Enquiry about object: 9154
Two Tibetan Zodiac Tokchas & One Other
Tibet circa 17th century
length: 5.2cm, 6.7cm and 7.1cm, combined weight: 176g
Provenance
UK art market
These three brass tokchas – two square calendar tokchas, and another which might be a stylised Garuda image – date to around the 17th century.
Each of the two zodiac tokchas is decorated with the twelve animals of the Chinese zodiac on one side, around an inner border that has in much-worn Chinese script, the name of the Chinese hours of the day. (Traditionally one Chinese hour was equivalent to two ‘Western’ hours and each hour was given a name and sign of the zodiac.) The reverse of each has been cast in relief with a Tibetan Buddhist motif. These relate to a cloak pin with zodiac motifs published in Borel (1994, p. 168).
Each is cast with a loop at the top to allow suspension.
The larger zodiac tokcha actually has been cast as a tortoise laying on its back with feet protruding from each corner, a tail protruding from the base, and a head leading to the suspension loop. The tortoise is a symbol of power and protection.

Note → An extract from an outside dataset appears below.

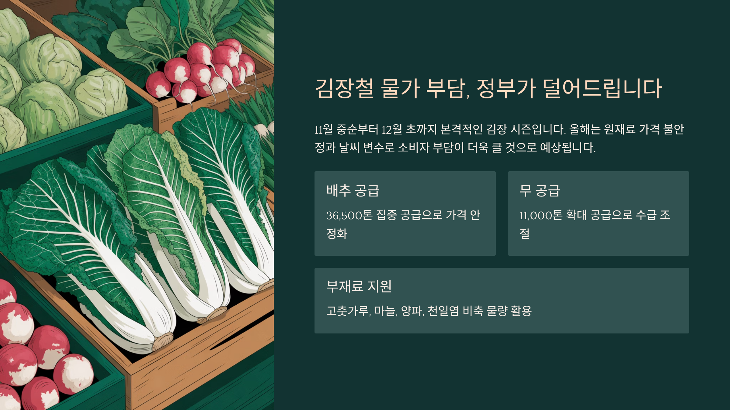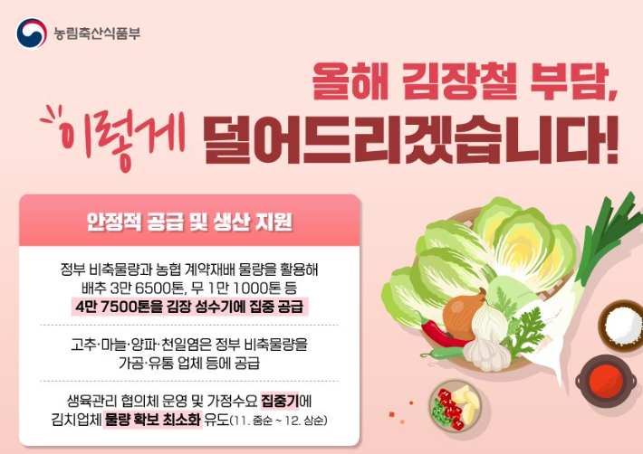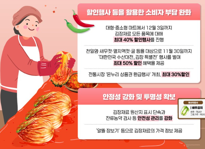 이에 정부는 김장철을 앞두고 국민들의 체감 물가 부담을 줄이기 위해 김장재료 공급 확대 및 할인 지원 정책을 본격적으로 시행한다고 밝혔습니다.

The third tokcha has a prominent beak-like protuberance and might have represented the Garuda. It has been drilled with a hole at the top and another at the bottom to allow it to be either suspended as a pendant, attached to clothing, or used to secure an amulet bundle. It has much wear.
Tokchas (also spelt as thokcha, tokche, thogchak, thog-lcag, or thogchag) are small ‘found’ ancient, sacred objects that went on to serve as votive talismans, and which were valued for their magical properties. Usually they are of bronze or copper alloy. Many are believed to also contain some meteoric metal. Tibetans highly prized them and would wear them to protect them and to absorb evil. Usually they were hung from the neck or attached to clothing, but also were sewn onto amulet pouches or attached to religious articles. They were also used by Tibetan shamans – healers, spirit-mediums and magicians – as part of their ‘tools’ of trade.

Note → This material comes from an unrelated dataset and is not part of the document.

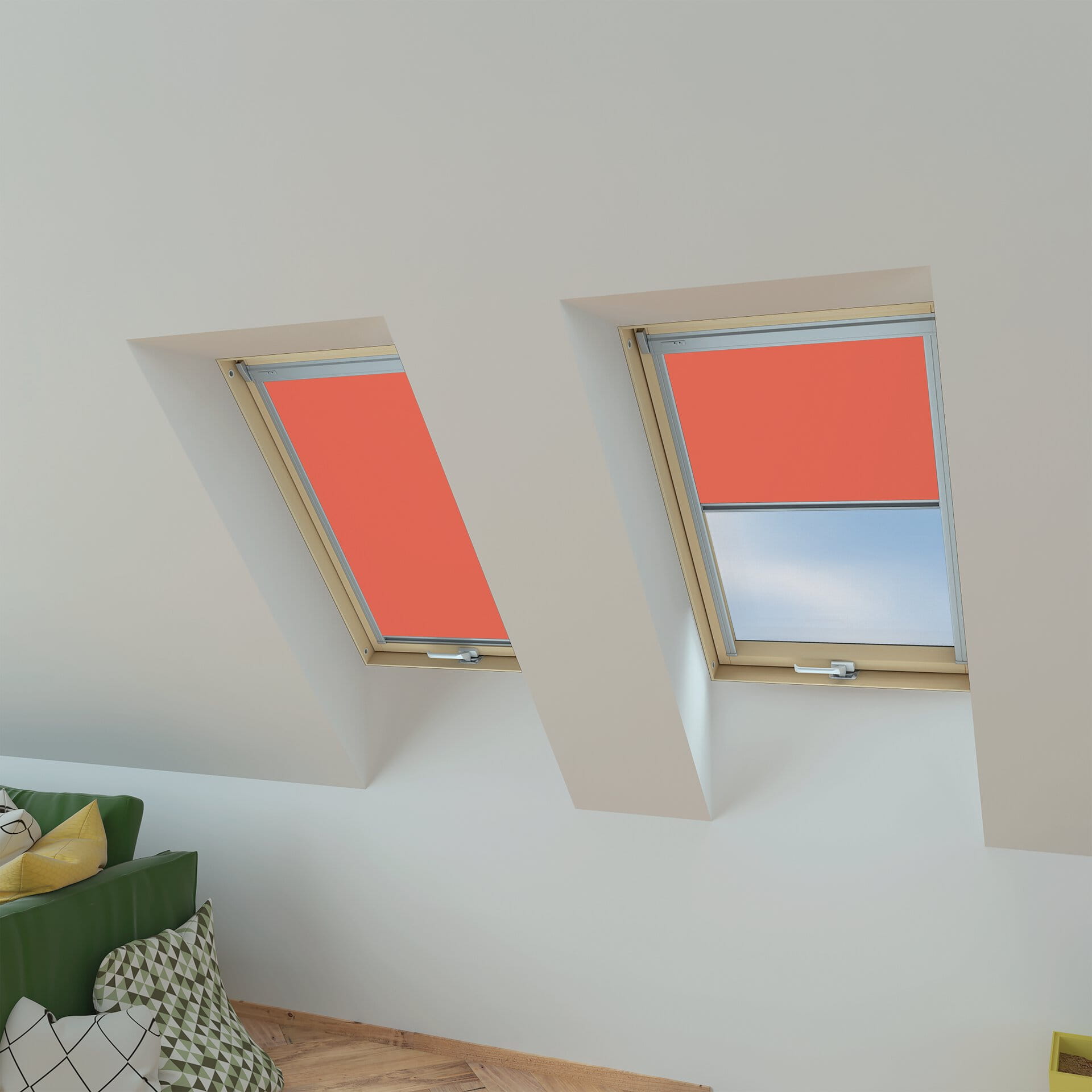 - zapewnia częściowe zaciemnienie, zaciągnięta na oknie dachowym roleta rozprasza ostre światło słoneczne,

Particularly effective or powerful tokchas would be sold on or passed down through the generations. Accordingly, genuine and powerful tokchas should show a great deal of wear, as in the case of the example here.

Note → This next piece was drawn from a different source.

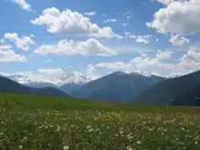 The Mals Heath[1][2] (German: Malser Haide) is located in South Tyrol, Italy; it is one of the largest ancient landslides and one of the most remarkable landscape features in the Alps. It is located in the Upper Vinschgau where a broad pass (the Reschen Pass) crosses the main Alpine divide into the Inn Valley (Austria). It extends from Glurns via Laatsch, Schleis, and Burgeis up to Plawenn. On the southern part is the village of Mals. The height difference of the heath varies from 900 m (Glurns) to 1,760 m (Plawenner Alm). The landslide emerges from the small side valley of Plawenntal, and descends for 11 km to the head of Vinschgau proper. The volume of the debris fan is estimated at 1,650 million cubic metres. It had always been assumed to be an alluvial fan, built up by numerous floods and debris small flows. New research demonstrates that a lost mountain could have existed above the head of Plawenntal, with a summit at about 3,100m - the present highest peak on the perimeter being the Mittereck, 2,908 m. There are indications all around the perimeter of a catastrophic collapse, severing former ridges and valley heads (notably Vivanatal). The shape of the lost mountain can readily be reconstructed by projecting these truncated landforms until they meet up. The volume of the lost mountain (named Plawennspitz) is very close to that of Mals Heath. There is at present no evidence of when this event occurred, but probably soon after the last glacier melted, over 10,000 years ago. Similar events probably created large fans nearby at St. Valentin, and in the main Vinschgau, notably at Allitz-Laas (Gadriamure) where the lost mountain and vast debris cone are even larger. Other megafans in the Alps are likely to be catastrophic too (1).[3] The Mals Heath used to be a barren heath since it was so free draining. The debris fan dams a lake, Haidersee, which is now used as a source of irrigation water through a system of channels, and nearly all the heath is now cultivated and prosperous. The fan also displaces the main river, Adige, and the large tributary, Puni, to opposite sides of the valley. Disastrous floods still occur, destroying houses and even villages. The main road climbs the fan in broad zigzags, not the usual hairpins of an alpine pass, with several large wind turbines taking advantage of the smooth terrain and natural wind funnel.

It is likely that many tokchas originally were belt fittings or ornaments either from Tibet or from the Eurasian Steppes and Central Asia or Persia, and were traded into Tibet along Silk Road trading routes. Others were purpose-made as talismans, which explains why some genuine tokchas can be very similar. The traditional belief however, was that tokchas were not made by humans and even that they had simply fallen from the sky. The animal motifs employed in many tokchas suggest a linkage to Tibet’s pre-Buddhist Bon past. (Buddhism was introduced to Tibet in the early 7th century.)
The examples here all have much wear and visible age.
References
Bashkanov, M., M. Bashkanov, P. Petrov, & N. Serikoff, Arts from the Land of Timur: An Exhibition from a Scottish Private Collection, Sogdiana Books, 2012.
Borel, F., The Splendour of Ethnic Jewelry: From the Colette and Jean-Pierre Ghysels Collection, Thames & Hudson, 1994.
Ghose, M. (ed.), Vanishing Beauty: Asian Jewelry and Ritual Objects from the Barbara and David Kipper Collection, Art Institute of Chicago, 2016.
Heller, A., Early Himalayan Art, Ashmolean Museum, 2008.
Henss, M., Buddhist Ritual Art of Tibet: A Handbook on Ceremonial Objects and Ritual Furnishings in the Tibetan Temple, Arnoldsche, 2020.
Reynolds, V. et al, From the Sacred Realm: Treasures of Tibetan Art from the Newark Museum, Prestel, 1999.